Twin Peaks was first released during a time when diversity was not a talking point. As a brown woman with a marginalized biracial identity, I was long accustomed to relating with stories that had very little in common with my own because I had no choice. I love pop culture. American film and television was my window into American identity while I grew up in Sri Lanka, Zambia, Thailand, Pakistan, and India. I’m also highly sensitive and empathic, so I tend to relate and identify easily with people totally unlike me as a matter of course. Like Atticus Finch said, I’m constantly walking around in other people’s shoes. You keep telling me I need to control it more or better, but it just doesn’t feel like me. You know?
One of the ways I negotiate the whiteness in Twin Peaks is by thinking of the characters as archetypes. They are representative of primal human journeys, and the variety of ways lives go well or spiral into descents of madness, rage, and violence. In this respect, Laura Palmer is every woman who has been abused, raped, battered. She is the stories of shame we keep hidden, locked away. She is the secrets we keep even from those we love the most. She is horrible decisions we make once another human being has convinced us we have no value. She carries all our regrets and lost time.
It is too superficial a reading to say that Laura Palmer embodies the virgin/whore dichotomy. Like many abused women, Laura Palmer is The Joker, The Trickster. People see what they want to see when they look at her. Their description of who they think Laura is only reflects who they wish her to be. Think about Celeste Wright in HBO’s Big Little Lies. Everyone sees a gorgeous woman, kind, intelligent, a loving mother, an accomplished lawyer. They conveniently overlook all her evident pain.
When in an abusive situation, we learn how to craft convincing masks. It’s a modern survival mechanism. We put on make-up or sunglasses or a long-sleeve shirt to cover up the evidence. We don’t wince when someone touches a sore spot. We smile big so nobody knows. We inadvertently end up helping construct and decorate our own prison cells. Every woman has her stories. Every abuse survivor has many, too.
While Laura Palmer looks like a privileged segment of society — white, blonde, skinny, beautiful — she does represent all of us women who have been abused. Those who survived. And those who didn’t.
Even though she doesn’t look anything like me, Doc, I have always related to her story on a profound level. Ultimately, it is Laura Palmer who keeps bringing me back to Twin Peaks. Because her story will never not be relevant to women in this patriarchal — forgive me, Doc — piece of shit world.
Laura Palmer is the horror story in which too many women live and die. Their daughters.

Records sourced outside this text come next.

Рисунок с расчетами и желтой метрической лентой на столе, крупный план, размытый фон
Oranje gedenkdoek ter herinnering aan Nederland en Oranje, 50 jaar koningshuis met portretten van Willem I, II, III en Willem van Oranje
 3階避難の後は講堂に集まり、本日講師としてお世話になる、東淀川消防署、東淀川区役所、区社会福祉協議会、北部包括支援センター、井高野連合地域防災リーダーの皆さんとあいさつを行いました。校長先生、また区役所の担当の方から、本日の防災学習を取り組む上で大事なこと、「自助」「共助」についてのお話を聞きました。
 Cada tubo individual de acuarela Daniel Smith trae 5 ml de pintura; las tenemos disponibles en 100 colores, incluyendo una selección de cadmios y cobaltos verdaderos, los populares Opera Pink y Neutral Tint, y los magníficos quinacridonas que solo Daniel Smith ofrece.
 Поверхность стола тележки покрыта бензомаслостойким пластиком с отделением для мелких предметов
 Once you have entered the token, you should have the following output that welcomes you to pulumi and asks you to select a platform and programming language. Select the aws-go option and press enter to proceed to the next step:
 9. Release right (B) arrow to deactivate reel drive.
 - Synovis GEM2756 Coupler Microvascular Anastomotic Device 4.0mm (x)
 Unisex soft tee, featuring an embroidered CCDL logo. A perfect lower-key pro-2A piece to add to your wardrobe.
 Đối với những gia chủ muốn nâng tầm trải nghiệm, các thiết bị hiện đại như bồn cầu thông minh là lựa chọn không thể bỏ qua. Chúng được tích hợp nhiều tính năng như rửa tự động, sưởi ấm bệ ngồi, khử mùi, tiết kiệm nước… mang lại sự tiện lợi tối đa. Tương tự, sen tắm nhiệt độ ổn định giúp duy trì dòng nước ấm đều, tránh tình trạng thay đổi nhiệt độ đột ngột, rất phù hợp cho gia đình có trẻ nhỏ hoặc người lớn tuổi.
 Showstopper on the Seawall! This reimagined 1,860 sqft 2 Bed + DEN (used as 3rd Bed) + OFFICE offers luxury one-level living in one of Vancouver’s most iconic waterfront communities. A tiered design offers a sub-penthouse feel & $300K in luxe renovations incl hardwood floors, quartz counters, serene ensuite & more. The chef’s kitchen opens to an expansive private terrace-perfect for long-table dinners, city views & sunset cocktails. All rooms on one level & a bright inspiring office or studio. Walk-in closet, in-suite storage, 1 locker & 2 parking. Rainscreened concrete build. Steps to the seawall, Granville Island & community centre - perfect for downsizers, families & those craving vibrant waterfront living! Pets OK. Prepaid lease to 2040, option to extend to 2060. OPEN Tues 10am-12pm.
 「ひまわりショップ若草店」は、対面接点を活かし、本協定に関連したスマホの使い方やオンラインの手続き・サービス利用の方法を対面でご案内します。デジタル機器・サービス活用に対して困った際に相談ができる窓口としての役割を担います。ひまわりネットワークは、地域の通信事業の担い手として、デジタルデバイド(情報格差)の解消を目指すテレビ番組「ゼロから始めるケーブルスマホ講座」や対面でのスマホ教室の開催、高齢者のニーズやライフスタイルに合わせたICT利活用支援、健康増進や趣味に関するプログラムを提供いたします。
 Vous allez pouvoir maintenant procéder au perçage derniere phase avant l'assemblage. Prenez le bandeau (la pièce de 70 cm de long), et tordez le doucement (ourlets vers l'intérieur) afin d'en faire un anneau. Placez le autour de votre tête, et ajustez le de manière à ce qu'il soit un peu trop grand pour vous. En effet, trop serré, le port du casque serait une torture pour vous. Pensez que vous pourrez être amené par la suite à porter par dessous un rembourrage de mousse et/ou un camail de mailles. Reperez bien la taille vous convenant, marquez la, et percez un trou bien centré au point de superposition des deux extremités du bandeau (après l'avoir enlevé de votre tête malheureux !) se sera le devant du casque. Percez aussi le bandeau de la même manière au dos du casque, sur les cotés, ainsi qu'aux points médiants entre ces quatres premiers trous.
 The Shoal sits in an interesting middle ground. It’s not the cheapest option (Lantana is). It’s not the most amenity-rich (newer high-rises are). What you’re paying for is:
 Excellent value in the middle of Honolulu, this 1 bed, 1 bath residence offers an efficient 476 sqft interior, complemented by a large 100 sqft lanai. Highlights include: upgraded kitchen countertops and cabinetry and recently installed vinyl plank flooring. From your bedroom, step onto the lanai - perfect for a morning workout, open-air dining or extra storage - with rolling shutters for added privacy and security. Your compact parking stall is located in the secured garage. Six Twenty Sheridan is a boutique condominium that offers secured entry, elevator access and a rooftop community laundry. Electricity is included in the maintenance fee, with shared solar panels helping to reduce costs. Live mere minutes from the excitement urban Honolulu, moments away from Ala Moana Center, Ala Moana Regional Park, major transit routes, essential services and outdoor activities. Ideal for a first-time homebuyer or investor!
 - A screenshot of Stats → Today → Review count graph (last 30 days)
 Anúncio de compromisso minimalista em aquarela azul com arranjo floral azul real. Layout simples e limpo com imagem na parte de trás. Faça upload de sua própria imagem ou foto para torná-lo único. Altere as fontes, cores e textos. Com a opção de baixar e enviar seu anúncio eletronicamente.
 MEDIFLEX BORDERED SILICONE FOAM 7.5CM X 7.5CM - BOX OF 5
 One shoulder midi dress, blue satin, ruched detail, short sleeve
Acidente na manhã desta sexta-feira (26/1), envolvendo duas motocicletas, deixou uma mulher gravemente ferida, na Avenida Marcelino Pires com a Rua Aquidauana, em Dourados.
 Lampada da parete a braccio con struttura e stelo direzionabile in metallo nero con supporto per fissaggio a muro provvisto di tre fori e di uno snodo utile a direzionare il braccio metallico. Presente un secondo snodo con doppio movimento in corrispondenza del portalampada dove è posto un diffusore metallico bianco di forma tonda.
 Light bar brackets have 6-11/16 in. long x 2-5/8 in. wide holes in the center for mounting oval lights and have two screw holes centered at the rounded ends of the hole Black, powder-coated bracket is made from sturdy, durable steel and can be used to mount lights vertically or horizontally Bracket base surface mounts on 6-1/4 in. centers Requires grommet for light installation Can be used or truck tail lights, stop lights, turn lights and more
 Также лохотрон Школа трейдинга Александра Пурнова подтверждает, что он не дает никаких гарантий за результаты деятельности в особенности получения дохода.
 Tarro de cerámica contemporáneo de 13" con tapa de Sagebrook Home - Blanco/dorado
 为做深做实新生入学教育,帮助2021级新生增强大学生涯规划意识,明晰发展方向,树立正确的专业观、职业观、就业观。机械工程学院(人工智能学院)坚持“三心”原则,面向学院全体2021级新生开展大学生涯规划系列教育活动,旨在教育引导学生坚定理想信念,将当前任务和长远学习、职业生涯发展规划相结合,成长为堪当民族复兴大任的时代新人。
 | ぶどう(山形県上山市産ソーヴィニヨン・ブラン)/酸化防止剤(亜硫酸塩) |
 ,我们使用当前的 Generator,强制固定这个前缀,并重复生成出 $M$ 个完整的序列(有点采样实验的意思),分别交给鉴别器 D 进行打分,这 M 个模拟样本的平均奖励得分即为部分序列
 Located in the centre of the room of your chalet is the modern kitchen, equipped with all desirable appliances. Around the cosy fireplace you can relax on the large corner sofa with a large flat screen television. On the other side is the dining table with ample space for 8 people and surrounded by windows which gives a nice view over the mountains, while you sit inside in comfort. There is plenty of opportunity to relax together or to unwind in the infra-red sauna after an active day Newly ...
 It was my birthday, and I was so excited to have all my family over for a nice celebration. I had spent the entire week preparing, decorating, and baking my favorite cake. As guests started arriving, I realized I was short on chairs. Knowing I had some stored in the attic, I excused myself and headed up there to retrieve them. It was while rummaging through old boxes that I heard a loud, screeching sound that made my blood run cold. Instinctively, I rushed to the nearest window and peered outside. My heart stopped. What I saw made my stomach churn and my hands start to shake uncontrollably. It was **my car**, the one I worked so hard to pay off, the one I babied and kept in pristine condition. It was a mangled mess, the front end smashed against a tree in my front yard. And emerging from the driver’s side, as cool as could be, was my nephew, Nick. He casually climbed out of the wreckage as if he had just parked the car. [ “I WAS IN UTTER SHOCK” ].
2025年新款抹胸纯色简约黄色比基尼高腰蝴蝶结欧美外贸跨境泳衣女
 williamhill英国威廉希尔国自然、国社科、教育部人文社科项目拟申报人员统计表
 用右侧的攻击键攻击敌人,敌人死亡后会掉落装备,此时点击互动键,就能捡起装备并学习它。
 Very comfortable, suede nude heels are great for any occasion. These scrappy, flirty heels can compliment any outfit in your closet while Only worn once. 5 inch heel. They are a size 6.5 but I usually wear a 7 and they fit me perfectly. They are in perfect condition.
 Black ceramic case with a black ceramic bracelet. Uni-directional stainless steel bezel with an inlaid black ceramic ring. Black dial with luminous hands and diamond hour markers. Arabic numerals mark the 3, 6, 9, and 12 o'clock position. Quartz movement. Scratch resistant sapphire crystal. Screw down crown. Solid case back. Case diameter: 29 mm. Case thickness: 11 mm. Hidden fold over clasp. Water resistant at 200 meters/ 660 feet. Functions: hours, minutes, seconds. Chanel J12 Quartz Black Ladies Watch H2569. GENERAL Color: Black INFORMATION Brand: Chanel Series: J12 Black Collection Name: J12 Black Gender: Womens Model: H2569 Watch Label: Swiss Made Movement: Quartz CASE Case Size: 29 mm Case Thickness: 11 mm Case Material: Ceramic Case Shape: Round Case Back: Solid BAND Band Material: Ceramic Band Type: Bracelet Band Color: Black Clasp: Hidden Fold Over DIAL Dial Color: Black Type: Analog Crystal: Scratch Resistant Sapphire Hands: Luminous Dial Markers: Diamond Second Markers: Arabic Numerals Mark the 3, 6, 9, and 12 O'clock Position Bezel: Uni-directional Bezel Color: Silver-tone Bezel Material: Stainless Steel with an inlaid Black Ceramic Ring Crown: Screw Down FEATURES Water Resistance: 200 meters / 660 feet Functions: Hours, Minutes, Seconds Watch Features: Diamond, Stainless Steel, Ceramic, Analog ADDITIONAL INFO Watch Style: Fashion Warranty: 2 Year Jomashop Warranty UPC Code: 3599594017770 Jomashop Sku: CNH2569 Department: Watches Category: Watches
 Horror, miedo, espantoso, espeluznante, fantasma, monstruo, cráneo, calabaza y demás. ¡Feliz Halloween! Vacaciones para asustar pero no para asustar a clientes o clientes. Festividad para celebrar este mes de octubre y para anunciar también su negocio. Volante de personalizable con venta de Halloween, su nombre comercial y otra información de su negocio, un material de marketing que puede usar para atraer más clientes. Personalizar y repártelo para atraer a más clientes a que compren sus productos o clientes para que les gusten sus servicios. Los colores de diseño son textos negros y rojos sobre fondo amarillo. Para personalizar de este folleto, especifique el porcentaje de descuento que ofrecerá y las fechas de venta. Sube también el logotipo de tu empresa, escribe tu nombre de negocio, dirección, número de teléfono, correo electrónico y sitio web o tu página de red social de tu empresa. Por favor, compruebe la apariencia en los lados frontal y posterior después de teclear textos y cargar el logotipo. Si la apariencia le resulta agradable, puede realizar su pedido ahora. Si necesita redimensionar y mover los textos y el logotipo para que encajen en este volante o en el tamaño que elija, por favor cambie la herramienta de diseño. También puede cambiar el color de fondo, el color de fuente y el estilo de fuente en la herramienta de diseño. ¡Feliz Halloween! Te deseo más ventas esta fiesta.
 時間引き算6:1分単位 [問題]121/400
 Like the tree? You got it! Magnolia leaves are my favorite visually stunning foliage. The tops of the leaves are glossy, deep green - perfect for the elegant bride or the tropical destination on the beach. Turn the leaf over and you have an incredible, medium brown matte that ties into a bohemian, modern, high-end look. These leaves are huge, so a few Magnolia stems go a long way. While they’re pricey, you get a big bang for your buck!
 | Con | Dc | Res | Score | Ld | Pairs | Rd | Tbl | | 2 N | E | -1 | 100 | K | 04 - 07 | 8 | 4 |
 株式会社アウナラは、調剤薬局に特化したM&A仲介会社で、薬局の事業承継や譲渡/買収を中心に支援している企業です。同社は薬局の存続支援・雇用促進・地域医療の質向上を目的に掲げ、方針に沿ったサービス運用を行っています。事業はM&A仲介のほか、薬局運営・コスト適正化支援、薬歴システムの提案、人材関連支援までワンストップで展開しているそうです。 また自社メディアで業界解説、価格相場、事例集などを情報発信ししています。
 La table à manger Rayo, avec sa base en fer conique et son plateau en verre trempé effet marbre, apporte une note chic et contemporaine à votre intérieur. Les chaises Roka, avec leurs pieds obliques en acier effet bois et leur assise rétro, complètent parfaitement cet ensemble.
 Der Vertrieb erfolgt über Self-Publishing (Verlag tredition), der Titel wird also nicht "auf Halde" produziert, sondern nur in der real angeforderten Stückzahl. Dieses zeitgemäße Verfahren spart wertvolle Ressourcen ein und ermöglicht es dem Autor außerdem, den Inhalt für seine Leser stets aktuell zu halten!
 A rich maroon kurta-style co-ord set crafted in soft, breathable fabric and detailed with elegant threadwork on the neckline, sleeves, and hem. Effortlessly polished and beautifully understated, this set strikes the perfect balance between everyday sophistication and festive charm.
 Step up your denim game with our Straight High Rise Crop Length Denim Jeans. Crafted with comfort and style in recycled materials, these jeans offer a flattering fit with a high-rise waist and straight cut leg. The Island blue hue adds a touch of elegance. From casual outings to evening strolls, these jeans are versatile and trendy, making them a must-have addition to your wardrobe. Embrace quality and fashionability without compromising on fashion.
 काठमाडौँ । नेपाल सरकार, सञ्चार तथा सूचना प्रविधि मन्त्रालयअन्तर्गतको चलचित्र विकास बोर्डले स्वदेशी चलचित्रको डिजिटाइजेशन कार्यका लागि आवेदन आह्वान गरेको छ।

Their daughters’ daughters. The cycles and spirals are neverending pain. To be woman in this world is in many ways to suffer male violence and learn to live with it until it breaks you or kills you.
The one major disservice Twin Peaks does to abuse, rape, and incest survivors is divorcing the real man committing these gruesome acts and attempting to pin the actions on demonic or some other kind of possession. It always bothered me how after his death everyone forgives Leland Palmer because it wasn’t really him, it was BOB. What a convenient excuse for raping one’s daughter regularly since she was 12.
But Lynch redeemed that narrative in Fire Walk With Me, his most beautiful love letter to Our Laura. Right before Leland kills Laura he wails: “I thought you knew it was me!” The twisted revelation that he’s actually believed his daughter wanted a sexual relationship with him all this time is beyond nauseating. Laura’s face displays every ounce of shock, horror, fear, and disgust at the reveal. There was no BOB, there was only a misogynistic monster who ruined dozens of lives through his perversity. This kind of domestic and sexual violence has a ripple-out effect. Twenty-five years later and we are all still feeling it. This is the darkness that never recedes. And in two days it will be happening again.
I’ve also been wrapped in plastic, dumped and left for dead. I survived, but not unscarred. I walked with fire and discovered I was a phoenix. I wish Laura Palmer and all those other flame-devoured women could have, too.